Mit der Einigung im Zeitungsbereich sind jetzt im gesamten grafischen
Gewerbe die rechtlichen Rahmenbedingungen und Mindestlöhne bis 2016
fixiert. "Diese Rechtssicherheit tut der ganzen Branche gut. Die
Betriebe können sich jetzt in Ruhe ihrer eigentlichen Arbeit widmen",
ist Ing. Rudolf A. Cuturi, Präsident des Verbandes Druck &
Medientechnik erleichtert. Auch die Gewerkschaft GPA-djp ist froh
über die Einigung: "Wir begrüßen es, dass die Druckbranche weiterhin
geeint bleibt und die Sozialpartnerschaft ihre Kompetenz bewiesen
hat, auch in wirtschaftlich schwierigen Zeiten für die Kolleginnen
und Kollegen in den Betrieben und für die grafische Branche
akzeptable Ergebnisse zu verhandeln", meint der
Wirtschaftsbereichsvorsitzende Franz Bittner.

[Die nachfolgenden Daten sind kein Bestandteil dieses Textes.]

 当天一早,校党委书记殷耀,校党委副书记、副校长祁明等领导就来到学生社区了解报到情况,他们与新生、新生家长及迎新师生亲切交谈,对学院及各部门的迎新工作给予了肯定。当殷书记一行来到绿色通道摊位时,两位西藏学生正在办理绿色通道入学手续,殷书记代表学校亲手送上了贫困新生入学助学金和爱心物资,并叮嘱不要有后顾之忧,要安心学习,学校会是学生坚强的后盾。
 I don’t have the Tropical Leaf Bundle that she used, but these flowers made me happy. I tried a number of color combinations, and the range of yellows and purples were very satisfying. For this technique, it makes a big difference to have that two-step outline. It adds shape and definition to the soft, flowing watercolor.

Vorschau - was ist bis 2016 zu erwarten?
Die Gewerkschaft und der Verband Druck & Medientechnik werden die
Auswirkungen des heurigen Kollektivvertrags auf die Branchensituation
sowie die weitere wirtschaftliche Entwicklung genau beobachten. Für
alle Branchenbereiche sind regelmäßige Gespräche der Sozialpartner
geplant. Notwendige Neuregelungen sollen den aktuellen
Marktbedingungen, den wirtschaftlichen Bedürfnissen von Arbeitgebern
und den sozialen Bedürfnissen von ArbeitnehmerInnen Rechnung tragen.

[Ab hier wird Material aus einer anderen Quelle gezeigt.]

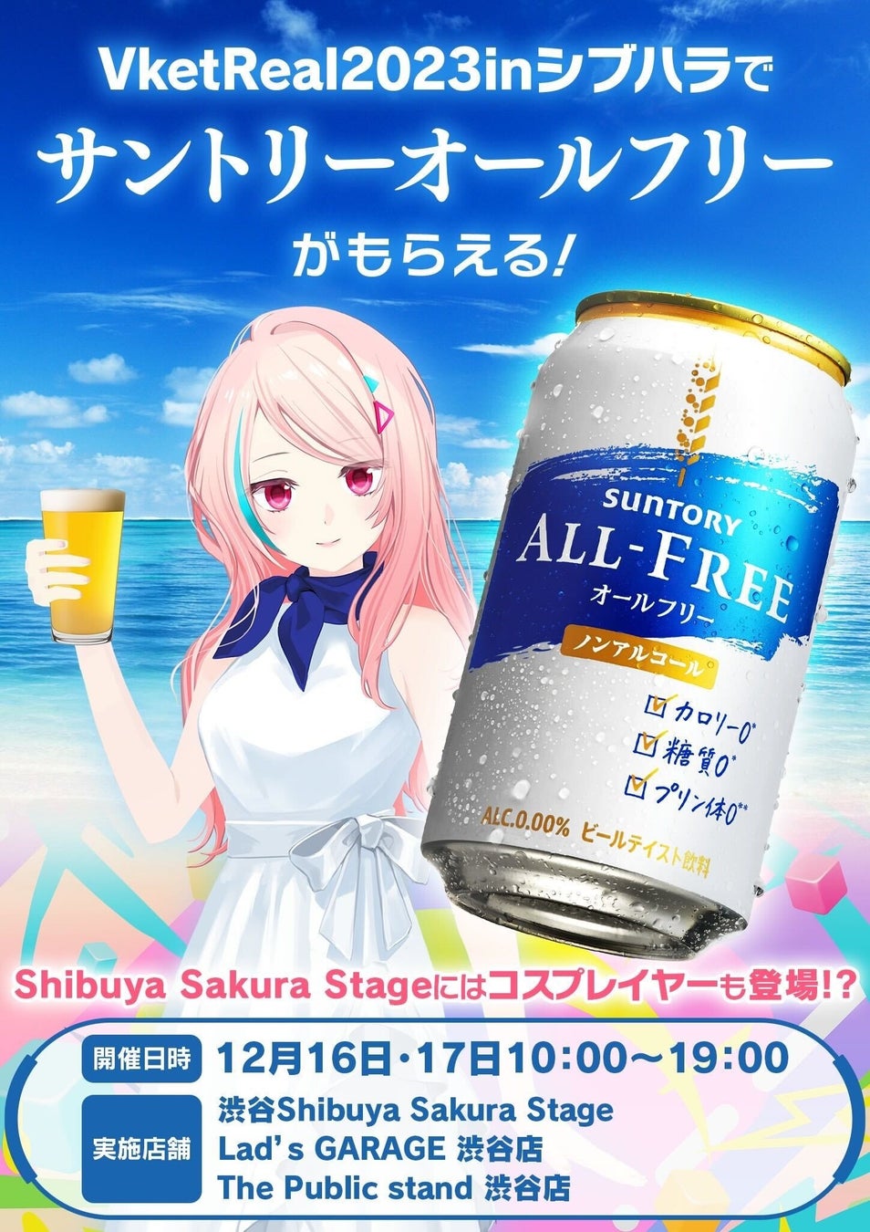 サントリー株式会社がVketRealに初出展!ノンアルコールビールテイスト飲料「オールフリー」を紹介するブースを展開します。Shibuya Sakura Stageのブースでは、大人になった“Vketさん”のコスプレをしたコスプレイヤーが登場し、オールフリーの無料配布を実施!その他、公式オフ会会場のLad’s GARAGE 渋谷店、The Public stand 渋谷店でも無料配布を実施します。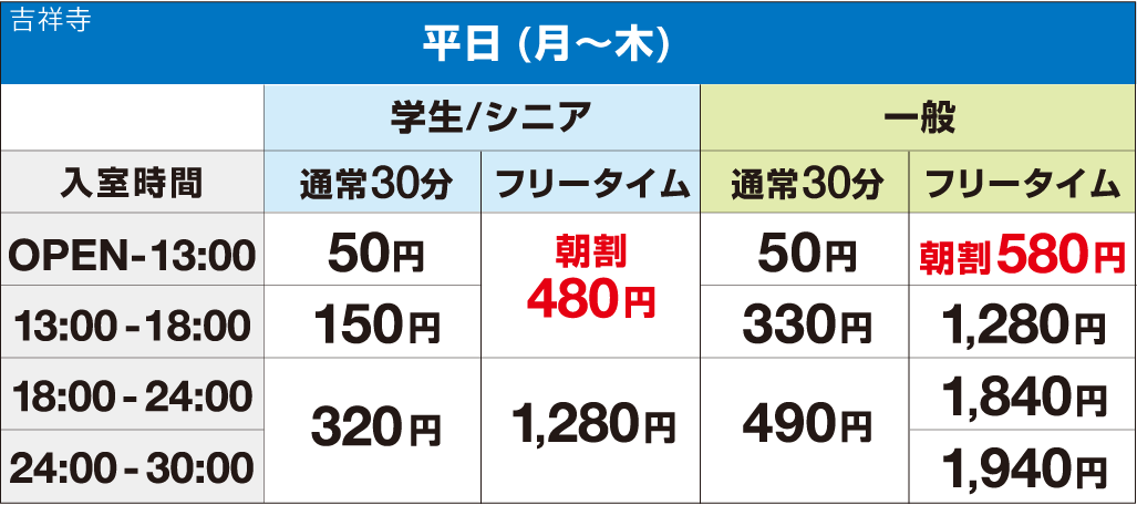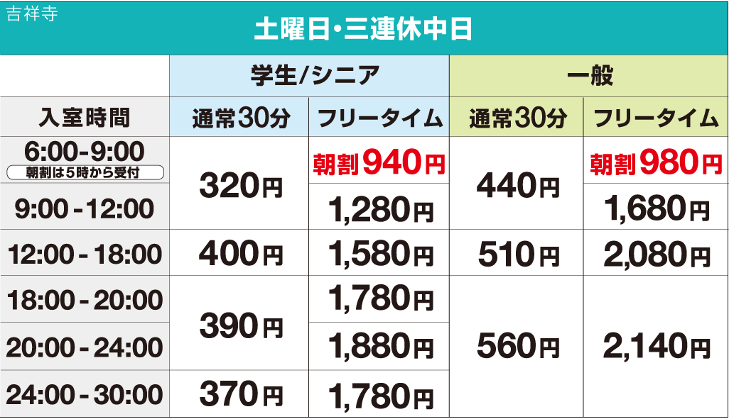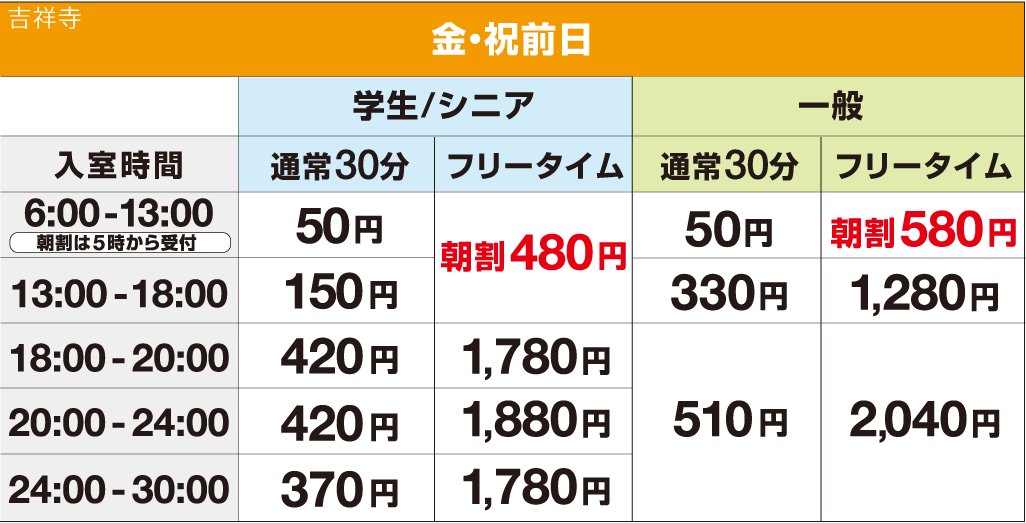 ※学生(高校生以上)・シニア(60歳以上)の方は年齢確認できる公的身分証明書のご提示が必要です。年齢により、ご入場・ご利用いただける時間が異なります。入場制限になった場合、ご利用途中であっても終了となります。※自動精算システムとなりますので、入室・各延長毎のスタート時間を基準に料金が決まります。※朝割は、待ち時間等でスタート時間が過ぎた場合、ご利用いただけませんのでお早めに受付をお願い致します。※障害者手帳をお持ちの方は受付時に手帳等をスタッフへご提示ください。ご本人様+付添いの方2名様までプラチナ会員と同額の割引が適用となります。※GW、お盆、年末年始等の特別営業期間は、料金・ご利用時間等内容が変更になる場合がございます。※赤字料金のフリータイムは割引クーポンとの併用はできません。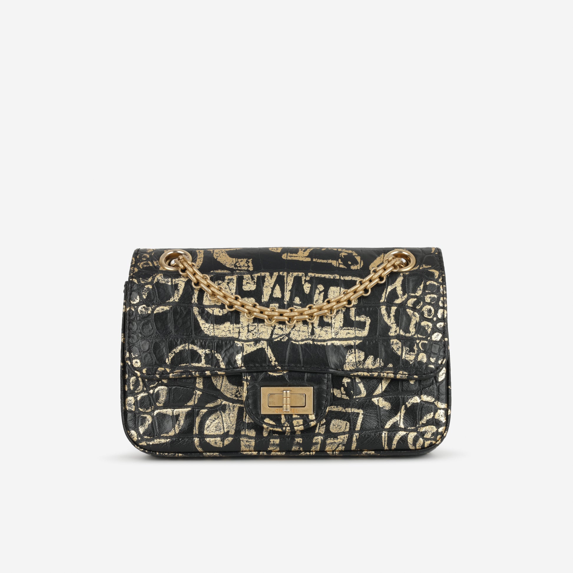 Chanel Mini 2.55 Reissue 224 - Graffiti Croc Embossed | Gold Hardware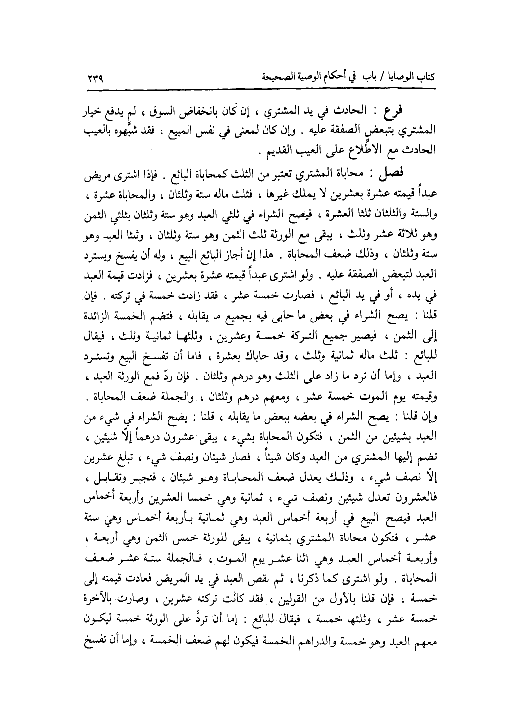 فصل محاباة المشتري تعتبر من الثلث كمحاباة البائع. فإذا اشترى مريض عبدا قيمته عشرة بعشرين لا يملك غيره، فثلث ماله ستة وثلثان، والمحاباة عشرة، والستة والثلثان ثلثا العشرة، فيصح الشراء في ثلثي العبد وهو ستة وثلثان بثلثي الثمن وهو ثلاثة عشر وثلث، يبقى مع الورثة ثلث الثمن وهو ستة وثلثان، وثلثا العبد وهو ستة وثلثان، وذلك ضعف المحاباة. هذا إن أجاز البائع البيع، وله أن يفسخ ويسترد العبد لتبعض الصفقة عليه. ولو اشترى عبدا قيمته عشرة بعشرين، فزادت قيمة العبد في يده، أو في يد البائع، فصارت خمسة عشر، فقد زادت خمسة في تركته. فإن قلنا: يصح الشراء فبعض ما حابى فيه بجميع ما يقابله، فتضم الخمسة الزائدة إلى الثمن، فيصير جميع التركة خمسة وعشرين، وثلثها ثمانية وثلث، فيقال للبائع: ثلث ماله ثمانية وثلث، وقد حاباك بعشرة، فإما أن تفسخ البيع وتسترد العبد، وإما أن ترد ما زاد على الثلث وهو درهم وثلثان. فإن رد، فمع الورثة العبد، وقيمته يوم الموت خمسة عشر، ومعهم درهم وثلثان، والجملة ضعف المحاباة. وإن قلنا: يصح الشراء في بعضه ببعض ما يقابله، قلنا: يصح الشراء في شئ من العبد بشيئين من الثمن، فتكون المحاباة بشئ، يبقى عشرون درهما إلا شيئين، تضم إليها المشترى من العبد وكان شيئا، فصار شيئان ونصف شئ، تبلغ عشرين إلا نصف شئ، وذلك يعدل ضعف المحاباة وهو شيئان، فتجبر وتقابل، فالعشرون تعدل شيئين ونصف شئ، فالشئ ثمانية وهي خمسا العشرين وأربعة أخماس العبد، فيصح البيع في أربعة أخماس العبد وهي ثمانية بأربعة أخماس وهي ستة عشر، فتكون محاباة المشتري بثمانية، يبقى للورثة خمس الثمن وهي أربعة، وأربعة أخماس العبد وهي اثنا عشر يوم الموت، فالجملة ستة عشر ضعف المحاباة. ولو اشترى كما ذكرنا، ثم نقص العبد في يد المريض فعادت قيمته إلى خمسة، فإن قلنا بالاول من القولين، فقد كانت تركته عشرين، وصارت بالآخرة خمسة عشر، وثلثها خمسة، فيقال للبائع: إما أن ترد على الورثة خمسة ليكون معهم العبد وهو خمسة والدراهم الخمسة فيكون لهم ضعف الخمسة، وإما أن تفسخ

Schließlich geht es in der Sozialpartnerschaft immer um beide
Seiten. "Der Verband Druck & Medientechnik hat seit vielen
Jahrzehnten bewiesen, dass er für Arbeitgeber ein starker und für die
Gewerkschaft ein verlässlicher Sozialpartner ist. Wir werden alles
tun, um den sozialen Frieden in der Druckbranche auch weiterhin zu
sichern", sagt Präsident Ing. Rudolf A. Cuturi.

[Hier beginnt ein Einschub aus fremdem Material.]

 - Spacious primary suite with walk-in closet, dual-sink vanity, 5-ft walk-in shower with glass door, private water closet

Die Gewerkschaft besteht seit 1842, der Verband Druck & Medientechnik
seit 1872. Beide Partner konnten - nicht immer sofort im Konsens,
aber meist doch im Ergebnis - für die Betriebe und die Beschäftigten
eine gute Entwicklung erreichen. "Auf das Erreichte und den heutigen
Abschluss sollen und dürfen wir stolz sein", meinten die beiden
Verhandlungsführer Bittner und Cuturi.
Foto: Präsident Rudolf A. Cuturi auf
http://www.druckmedien.at/de/presse/presseberichte/
Bildnachweis: Verband Druck & Medientechnik.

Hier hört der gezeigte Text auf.